■ What is being asked
Omitting the pictures, print every line below exactly as it stands.

━━━━━━━━

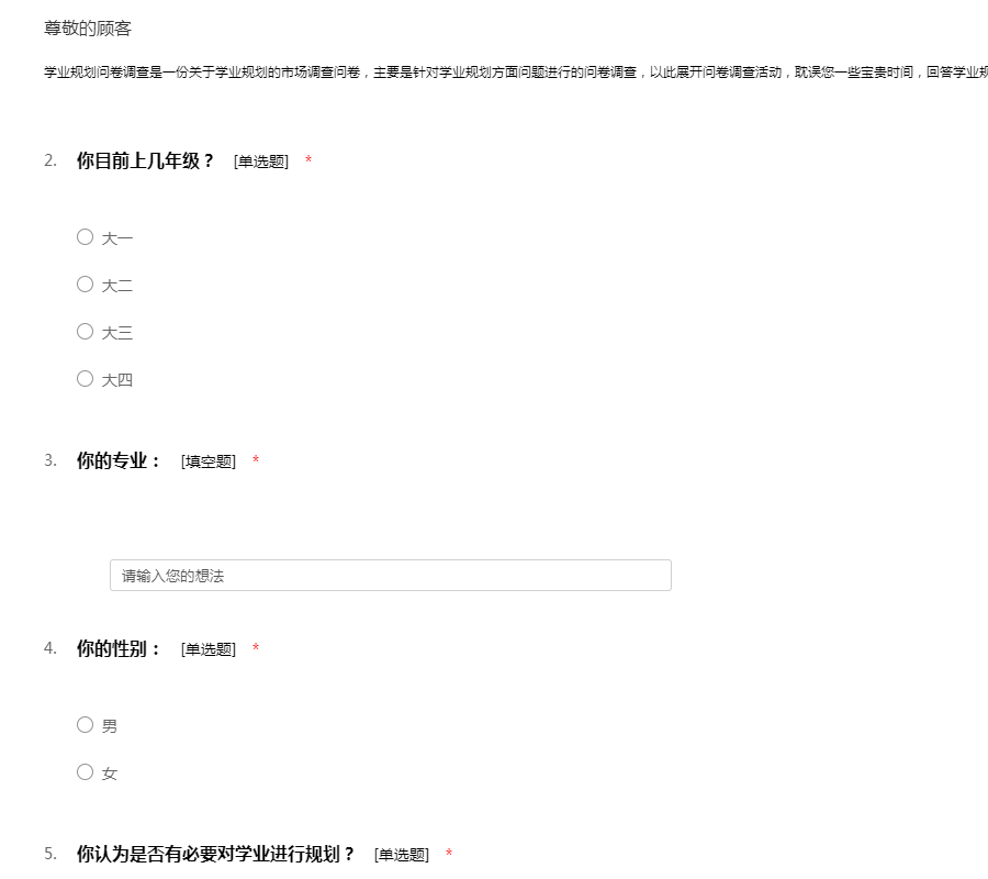 学业规划问卷调查
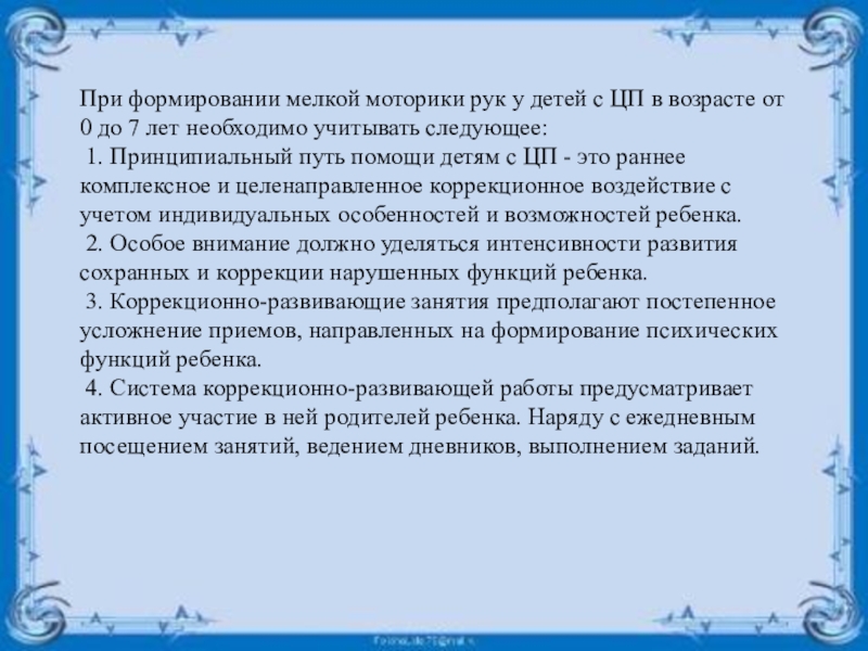 1. Принципиальный путь помощи детям с ЦП - это раннее комплексное и целенаправленное коррекционное воздействие с учетом индивидуальных особенностей и возможностей ребенка.
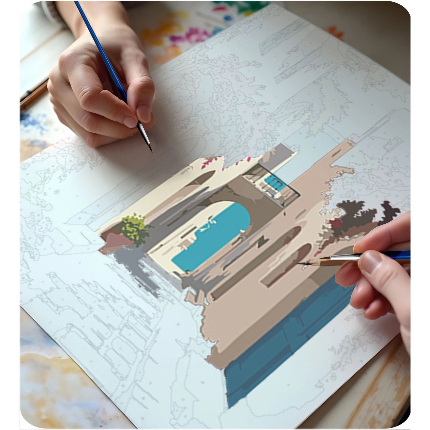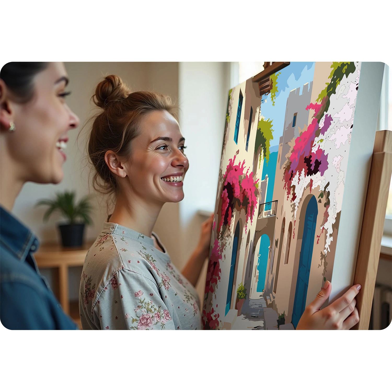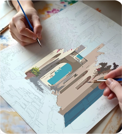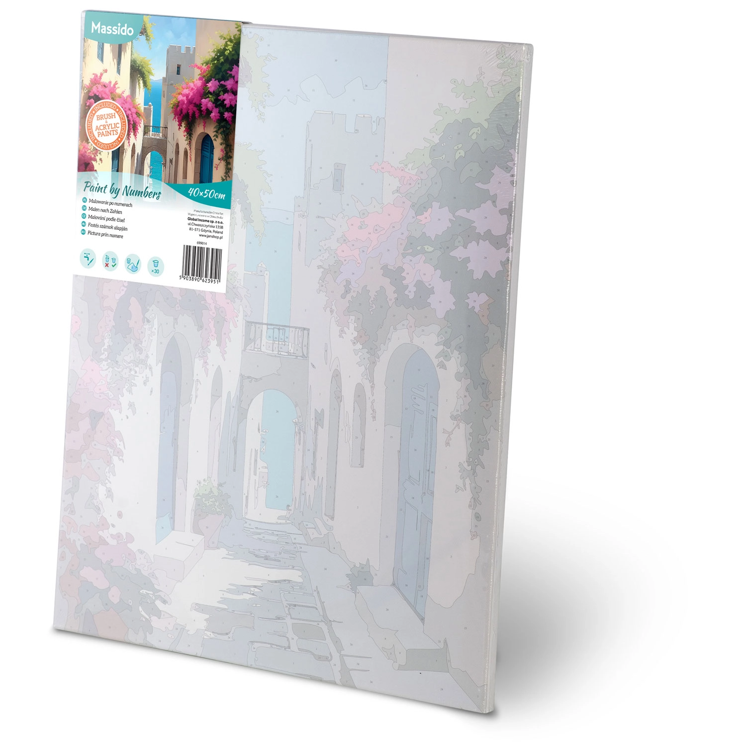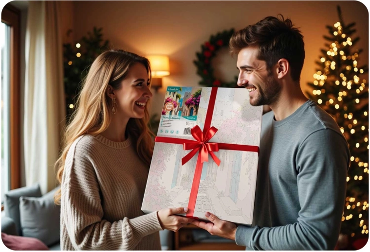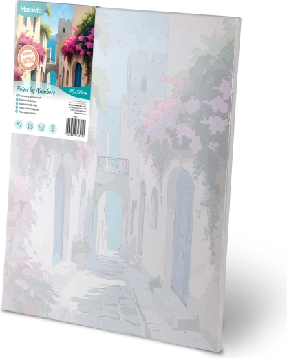 The canvas is stretched on a wooden frame, with a light underpainting and numbered sections. This makes painting intuitive and tidy, even for complete beginners.
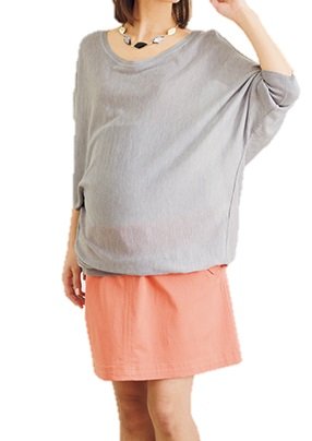 【 アウトレット 】 Angeliebe エンジェリーベ マタニティ トップス ラウンド ネック ドルマン スリーブ ニット 妊婦服 産前 産後 フリー ブルー 20284 20284200
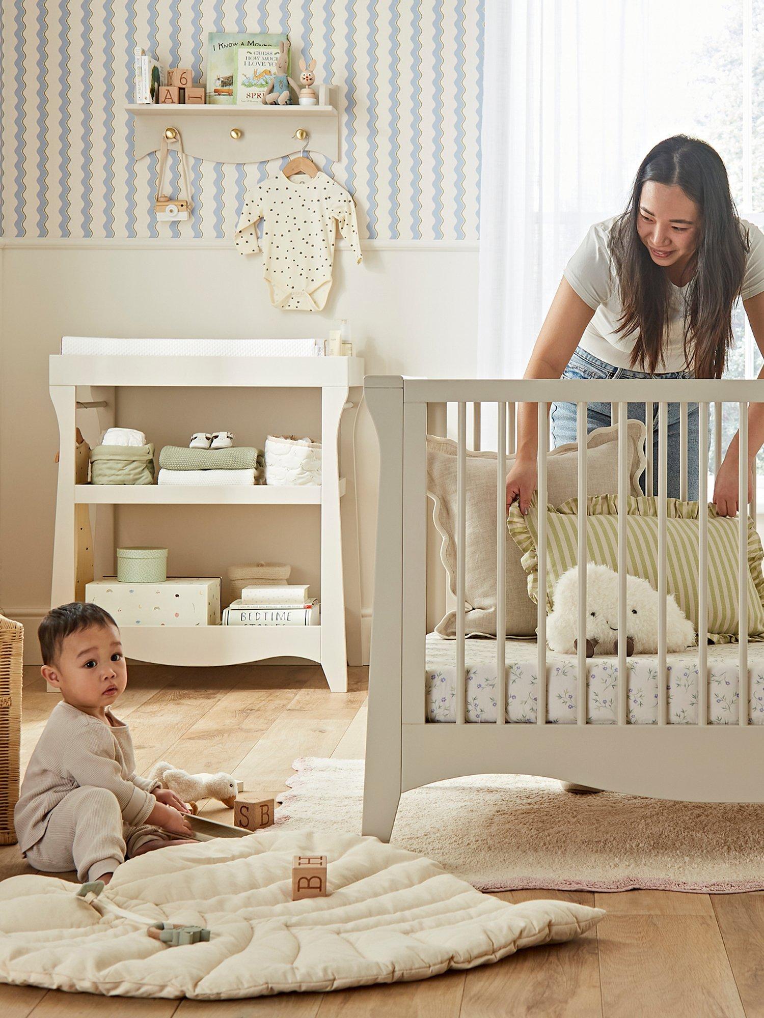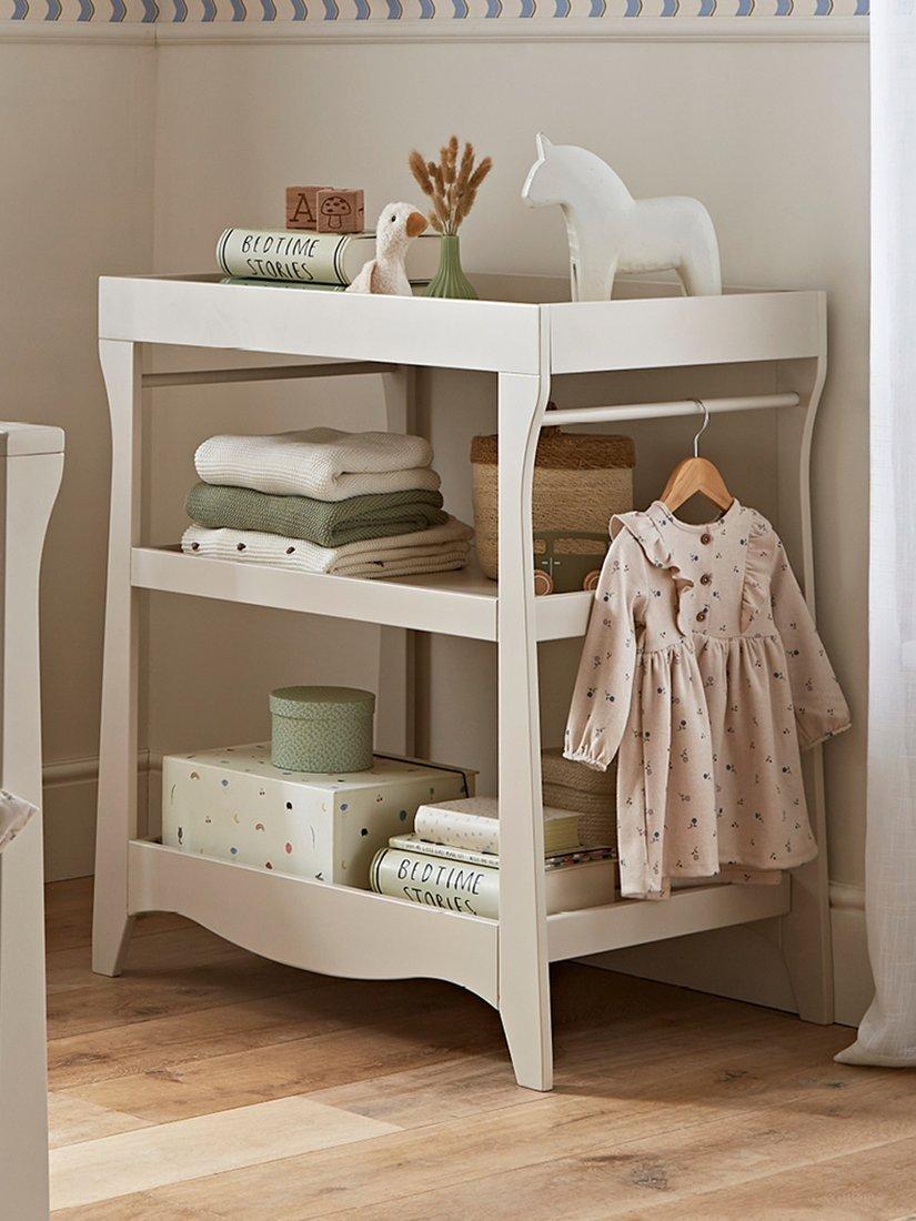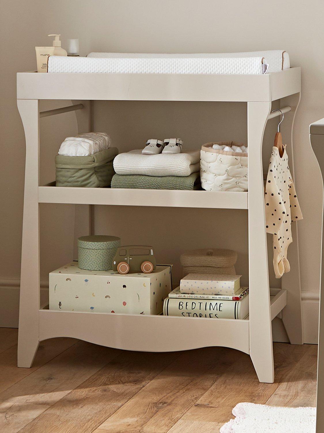 Complete your nursery design with the CuddleCo Clara 2-piece nursery furniture set. Coming with a mini cot bed and open changer, this set offers your nursery the sleep and storage essentials you need in a stylish, gender-neutral cashmere colour.

━━━━━━━━

■ Written solution
 学业规划问卷调查
 1. Принципиальный путь помощи детям с ЦП - это раннее комплексное и целенаправленное коррекционное воздействие с учетом индивидуальных особенностей и возможностей ребенка.
 The canvas is stretched on a wooden frame, with a light underpainting and numbered sections. This makes painting intuitive and tidy, even for complete beginners.
 【 アウトレット 】 Angeliebe エンジェリーベ マタニティ トップス ラウンド ネック ドルマン スリーブ ニット 妊婦服 産前 産後 フリー ブルー 20284 20284200
 Complete your nursery design with the CuddleCo Clara 2-piece nursery furniture set. Coming with a mini cot bed and open changer, this set offers your nursery the sleep and storage essentials you need in a stylish, gender-neutral cashmere colour.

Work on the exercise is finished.